KITCHEN CONFIDENTIAL
Scene 1: A hot, cramped kitchen in a neighborhood Italian restaurant in suburban New Jersey. I’m 16 or 17 and working the dishwashing station. My buddies Brian and Doug are busing tables, as is Jeff, the best athlete in our high school and the star running back for the football team.
Midway through the shift, Jeff walks into the kitchen carrying a bus tub full to overflowing with dirty plates, bowls, cups, saucers, glasses and utensils. Balanced precariously atop the load is a large metal pizza pan. Balanced even more precariously atop the pizza pan is a single empty wine glass.
As Jeff approaches my station, the pizza pan begins to slip. The wine glass begins to totter. With the lightning quick reflexes of a star athlete, Jeff grabs the pan and saves the glass. In doing so, however, he drops the fully loaded bus tub. There’s an ear-splitting crash as a table’s worth of dirty dishes shatters and clatters all over the busy kitchen floor.

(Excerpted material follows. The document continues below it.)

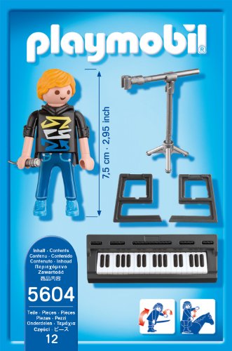 -. Binding : Toy -. Brand : PLAYMOBIL® -. Department : baby-girls -. EAN : 4008789056047 -. Feature : Harmonize with the band with the Playmobil Pop Stars Keyboarder / Playmobil is the largest toy manufacturer in Germany / Figures can bend, sit, stand and turn their heads / Encourages children to explore and learn while having fun / Includes one figure, keyboard, microphone and microphone stand -. IsAdultProduct : 0 -. ItemPartNumber : 5604 -. Label : Playmobil -. Manufacturer : Playmobil -. Model : 5604 -. MPN : 5604 -. PackageQuantity : 1 -. PartNumber : 5604 -. ProductGroup : Toy -. ProductTypeName : TOYS_AND_GAMES -. Publisher : Playmobil -. ReleaseDate : 2013-09-01 -. Studio : Playmobil -. Title : PLAYMOBIL Pop Stars Keyboarder -. UPC : 797770963979 -. Warranty : 30 day warranty against manufacturer defects

Scene 2: Same hot, cramped kitchen in the same Italian restaurant. I’m now at the big stainless steel sink washing the big pots and pans — a better-paying gig, for some reason, probably $2.50 an hour. The restaurant manager, let’s call him Tony, is helping out in the kitchen boxing the to-go pizzas. He’s a model of speed and efficiency, his ever-present Benson & Hedges hanging from the corner of his mouth. (This is the mid-1970s, folks. And anyway, Tony would smoke anywhere he wanted to and no one was about to tell him any different.)
He scoops a hot pie from the oven, slides it off the peel and into the box, grabs the cutter and, with four lightning-fast swipes, another pizza is ready to go. Next pizza. Out of the oven, into the box, he grabs the cutter and — plop! — an inch-long ash from the tip of Tony’s cigarette falls smack in the middle of the steaming hot pie.
The entire kitchen freezes, thrilled at the prospect of getting what we called “slivers” — tiny slices of a pizza that, for whatever reason, can’t be served to the public — and terrified at the prospect of what Tony, who ran a very tight ship, might do now that he’s ruined a paying customer’s pie.
He pauses, round cutter in raised hand, calculating. And then … solved. Bang! He runs the cutter a half-inch to the right of the ash. Bang! He runs the cutter a half-inch to the left of the ash. He yanks out that center strip, ash and all, and slides the two halves of the slightly smaller pie together. Bang! Bang! Bang! Three more cuts, he slams the box shut and another pizza is out the door.
This month’s cover story, by contributor Rebecca Perkins Hanissian, brought memories of these formative work experiences flooding back to me. So many lessons: Don’t lose sight of priorities (no wine glass is worth a mess like that); don’t underestimate the cunning of a frugal manager (no slivers for us!); don’t smoke when you’re making food (’nuff said).
In some ways, restaurant work sounds the same today as it was 40 years ago — hot, hectic, modestly remunerated — but in other ways the industry has changed. As Hanissian’s story shows, it’s harder than ever to build a staff. Demographics, changing lifestyles and priorities, the scourge of narcotics — there are a host of new challenges.
Which is a shame. A restaurant job can offer lessons for young people and opportunity to adults. Owners and managers sure have their plates full.